*PROVIDED MATERIAL*:
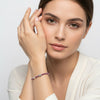 Le pietre sono intervallate da separatori placcati argento a effetto specchiato, che aggiungono luminosità e un tocco di eleganza. Al centro del bracciale risplende un punto luce cristallino, mentre su un lato è presente una sfera di Adularia (Pietra di Luna), simbolo di equilibrio, intuizione e femminilità.
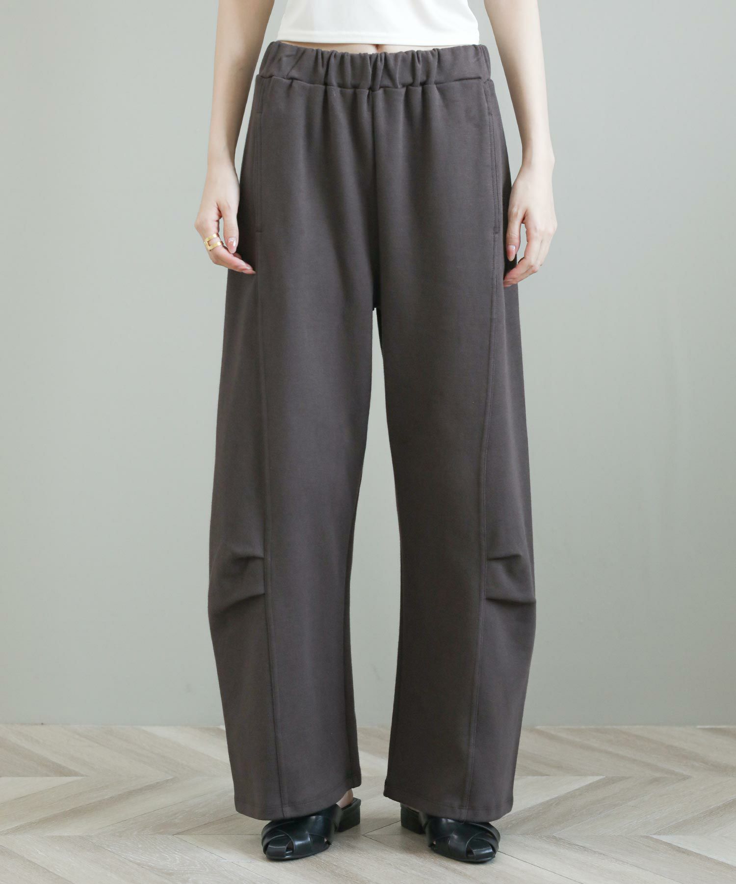 綿ポリエステルのほどよいカジュアル感のあるダブルジャージー素材は、裏毛ほどカジュアルすぎない、裏側もスムースな肌あたりでパジャマっぽくならない大人におすすめのスウェットパンツです。膝に入れたタックで作るカーブシルエットがモードな雰囲気をプラス。ざっくりニットや、少しきれいめなシャツと合わせてもこなれた印象を与えてくれます。秋を感じる落ち着いたカラーも魅力。
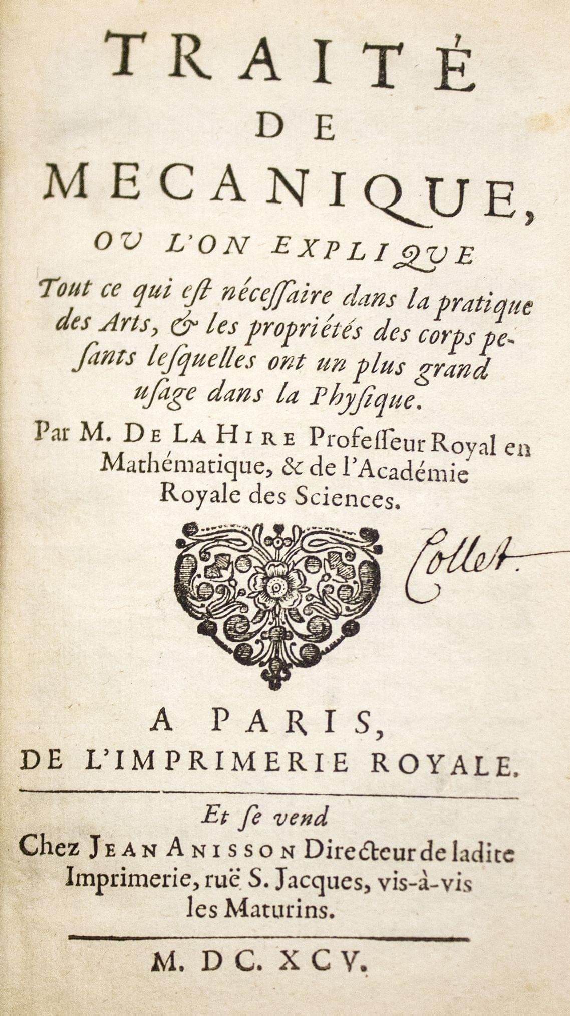 - LA HIRE : Traité de Mécanique. Paris, Imp. Royale et Anisson, 1695 ; in-12, basane Blonde ornée de l’époque. Ed. originale. Nomb. dessins gravés dans le texte.

*TASK TO CARRY OUT*:
An image-free, exact version of the listing above is required.

*TASK RESULT*:
 Le pietre sono intervallate da separatori placcati argento a effetto specchiato, che aggiungono luminosità e un tocco di eleganza. Al centro del bracciale risplende un punto luce cristallino, mentre su un lato è presente una sfera di Adularia (Pietra di Luna), simbolo di equilibrio, intuizione e femminilità.
 綿ポリエステルのほどよいカジュアル感のあるダブルジャージー素材は、裏毛ほどカジュアルすぎない、裏側もスムースな肌あたりでパジャマっぽくならない大人におすすめのスウェットパンツです。膝に入れたタックで作るカーブシルエットがモードな雰囲気をプラス。ざっくりニットや、少しきれいめなシャツと合わせてもこなれた印象を与えてくれます。秋を感じる落ち着いたカラーも魅力。
 - LA HIRE : Traité de Mécanique. Paris, Imp. Royale et Anisson, 1695 ; in-12, basane Blonde ornée de l’époque. Ed. originale. Nomb. dessins gravés dans le texte.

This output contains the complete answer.